Маркби решил отплатить ей той же монетой.
Марла улыбнулась:
— А вы мне нравитесь. Нет, честно! Да не пугайтесь вы так! На самом деле я белая и пушистая, как кошечка!
Скорее уж львица, подумал Маркби.
— Я просто выражаюсь резковато. Простите за грубость. На самом деле мне их всех очень жалко. Особенно, конечно, Мэтта. Потом — Пру. Жалеть Аделину не имеет смысла. Она давно уже по ту сторону добра и зла. Ее место в специальном санатории, чтобы за ней постоянно присматривали!
Маркби притворился, будто не слышал последней фразы.
— Пожалуйста, вспомните, что происходило в «Парковом» в тот день, когда пропала Кэти, — попросил он.
Марла нахмурилась:
— Сейчас, сейчас. Кто отвозил ее в тот день в школу — я?
— Вы мне сами так сказали. Помните, мы с вами встретились на улице?
— Да, точно. — Марла помолчала. — Потом я вернулась сюда, и все шло как обычно. Во всяком случае, у нас в конторе. Мы с Мэттом работали весь день. Вечером девочка не вернулась домой, но я ничего не знала допоздна.
— Когда вы все узнали?
— Часов в десять или в половине одиннадцатого. После того как я закончила здесь все дела… около шести… я поднялась к себе наверх… Приняла душ, приготовила себе ужин — в общем, все как всегда. Кажется, еще и голову вымыла. Где-то в десять пятнадцать я услышала крики Аделины. К ее истерикам я уже привыкла, но не в такое время. Обычно в десять она уже ложится спать. Я вышла на лестничную площадку и перегнулась через перила посмотреть, в чем дело. Она стояла внизу, в холле, а Пру ее утешала. Мэтта нигде не было видно. Я спустилась и спросила Пру, что там у них творится. Она объяснила, что Кэти не вернулась домой, а Мэтт уехал в Бамфорд искать ее.
Маркби кивнул. Интересно, понимает ли Марла, что эту часть ее показаний он может проверить?
— Что вы тогда подумали? Что, по-вашему, могло случиться с Кэти?
Марла ответила не сразу.
— Я подумала, что она со своим мальчиком.

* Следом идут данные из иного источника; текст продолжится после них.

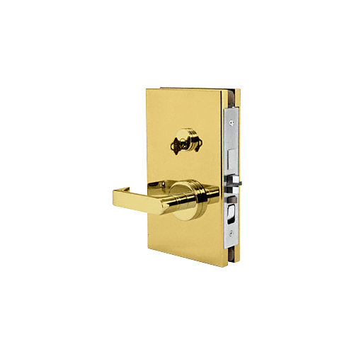 CRL ALUM-DL611LEPB-VCP-1 Polished Brass 6" x 10" LHR Center Lock With Deadlatch in Entrance Lock Function
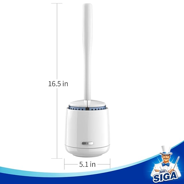 MR.SIGA トイレブラシ 収納ケース付き 丈夫なハンドルと耐久性のある剛毛付きバスルーム掃除、ホワイト、1セット
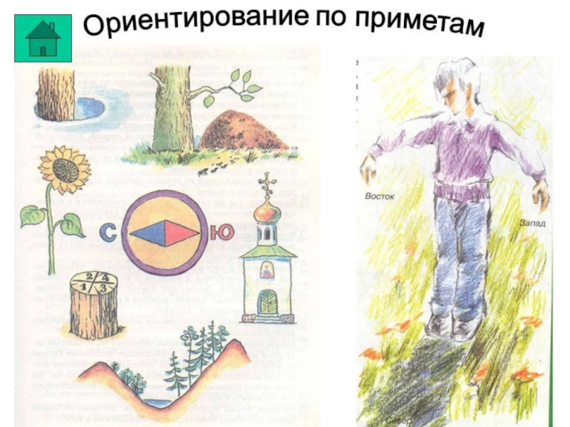 на стороны горизонта (стороны света): север, юг, запад, восток; определить свое местоположение относительно окружающих предметов, найти нужное направление движения и выдержать это направление в пути.

Вы, кстати, его уже видели?
— Да. В какое время вернулся мистер Конвей?
— Точно не знаю. Где-то около полуночи. Поговорив с Пру, я сразу вернулась наверх, к себе. Помочь ей с Адди я не могу.
— Значит, между шестью и десятью пятнадцатью вечера, когда вы несколько минут беседовали с миссис Уилкокс, вы находились одна в своей квартире на верхнем этаже?
Глаза ее больше не улыбались; они напоминали два раскаленных уголька.
— Вот именно!
— В тот вечер вы больше ни с кем не общались?
— Общалась. Со своей матерью.
— С матерью?! — Маркби едва не свалился с неудобного стула. — Она живет в вашей квартире? А вы сказали, что живете там одна!
— Разумеется, она там не живет! Она живет в Нью-Джерси! Я говорила с ней по телефону, старший инспектор! Позвонила ей в половине девятого по британскому времени; у нее было половина четвертого. Мы поговорили минут десять. Разговор стоит дорого, и я не могу долго занимать телефон. — Марла раздраженно выдохнула. — Да в чем дело-то? Или, по-вашему, у таких, как я, и матерей не бывает?
Без четверти четыре Джош Сандерсон быстро вышел из ворот школы. Он шел в толпе сверстников — как всегда, один. Вечный одиночка, он не вписывался ни в одну компанию. Как киплинговский кот, который гуляет сам но себе.
В последние дни одноклассники косились на него и перешептывались у него за спиной. Все знали про Кэти. С самим Джошем никто не разговаривал. Его присутствие как будто смущало остальных. Джоша даже не презирали. Спортсменом он был никудышным, смешить одноклассников не умел и не хотел, значит, не годился на роль классного шута. Кроме того, он вообще не любил болтать и сплетничать. Для других он был умным и начитанным ботаником, который дружил с богатенькой девочкой из частной школы.
Но теперь его подруга погибла, как и Линн Уиллс, которую все его одноклассники отлично знали. После смерти Кэти, а особенно после того, как в школу приходил полицейский чин и интересовался Джошем, одноклассники больше не могли его игнорировать. Но как с ним общаться, никто не знал. На лицах ребят было написано недоумение и смущение. Маркби поделился своими наблюдениями с Мередит. Раньше сверстники думали, будто с Джошем можно вовсе не считаться. Теперь они гадали: да тот ли он, за кого все время себя выдавал? А может, они ошиблись, сочтя его недостойным внимания?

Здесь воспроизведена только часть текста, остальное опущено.